Sean Keane, who passed at the Punch Line 15 years ago, was one of the most veteran performers in the lineup. Comedians can make money doing standup, the 45-year-old said, but most have a side hustle. His have included writing for television during a stint in Los Angeles, sportswriting, and royalties from his album.
Also in the lineup after Bijl and Coleman, Keane’s act included a piece about the switch on the Bay Bridge that activates an “impenetrable barrier” preventing people from visiting Oakland when they move to San Francisco.
Once you're driving east, he told the audience, “you’re not allowed to stop until you reach Lake Tahoe.” Preferences change when people move to San Francisco, he said. When he asks his San Francisco friends to join him in the East Bay, he told the crowd, they’re likely to say they’d rather stay put because they want to try the “Slovakian popup with natural wine that’s only $78 per person."
The Punch Line has only grown in importance as venues doing independent comedy — and opportunities like the Showcase — disappear, Keane said. Closures include the Dark Room in the Mission, the Hemlock Tavern, which was converted to condominiums, and Cynic Cave, which was downstairs, below the Lost Weekend video store.

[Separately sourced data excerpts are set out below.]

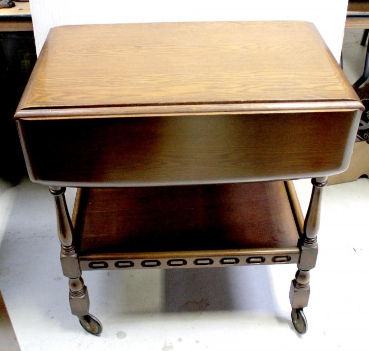 Lot 93 of 796: Two mid-20th century brass coal bins, one with relief of shipping scene, the other of a rural scene and a third example with a mirrored front inset with a hunting scene, a contemporary coffee table with elephant supports, length 90cm, a mid-20th century oak sewing table with lift-up top, single drawer to splayed tapering supports, height 48cm and an Ercol Colonial-style extending tea trolley on turned supports to casters, length when extended 80cm (6).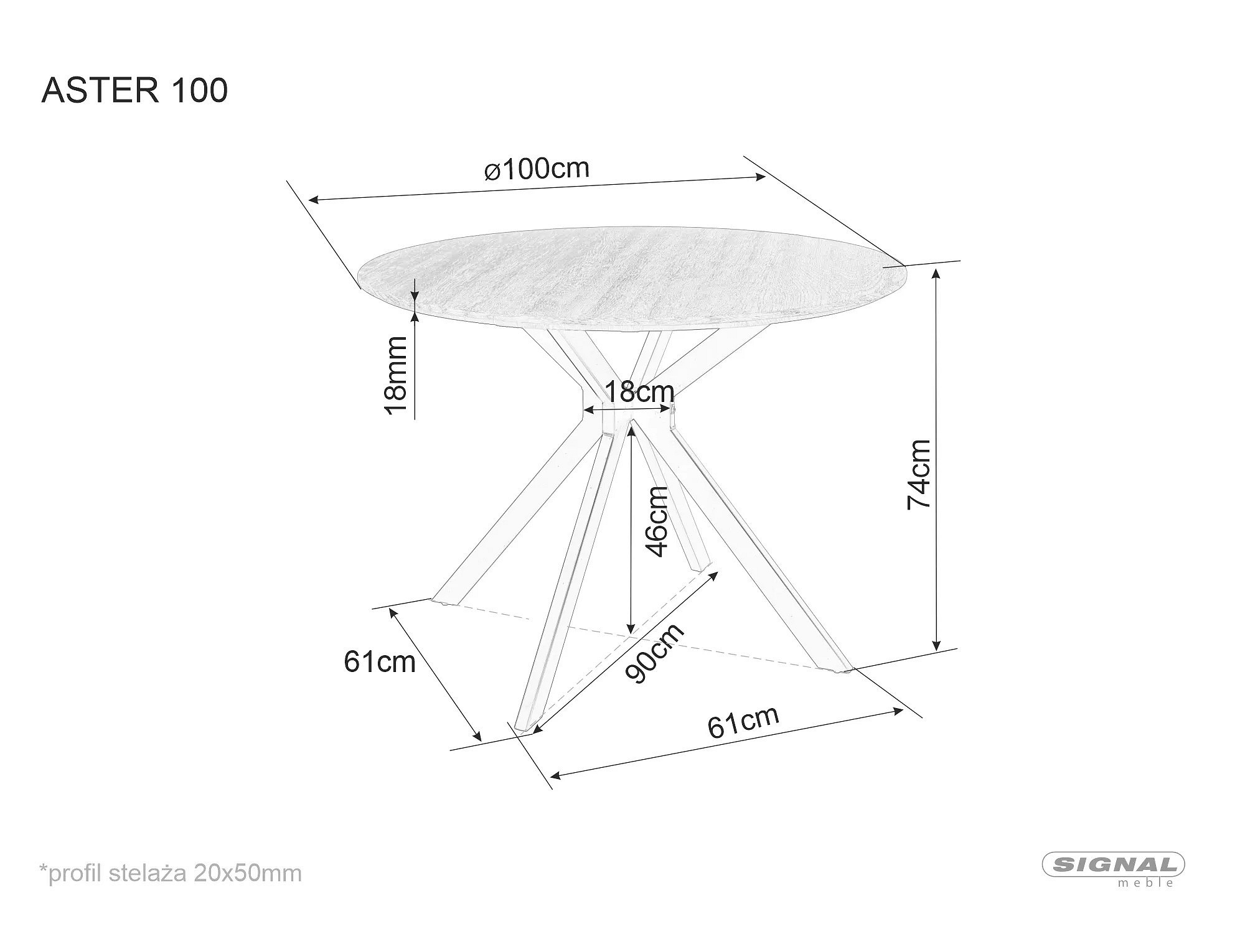 ASTER étkezőasztal 100 cm, Tölgy/Fekete matt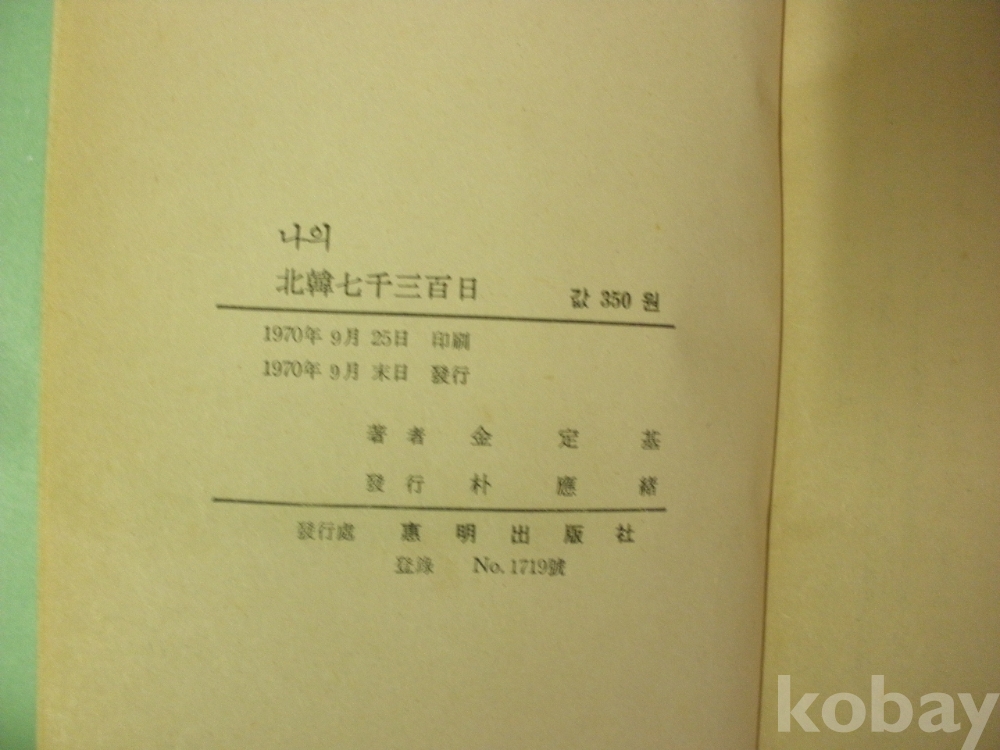 민족 수난의 실록 - 나의 북한 칠천삼백일 (최정기 저, 1970년)

Almost everyone who starts out doing standup is “kind of terrible,” Keane said. Getting a chance at the Showcase requires swallowing one’s ego, hanging out and absorbing the act of comedians you’re jealous of because they’re on stage, he said. Once passed, though, the Showcase continues to be formative.
“It’s incredibly valuable to be able to go to a comedy club with a real audience, and to have seven to ten minutes where you’re kind of allowed to fail because you’ve already proven you can do it,” Keane said.
That the room may also be filled with as many as 50 comedians makes it unique. After a standup performs comedy for a certain amount of time, “you sort of stop laughing at jokes,” Keane said. “When you can get the disinterested people standing by the bathroom to laugh — that’s a bonus.”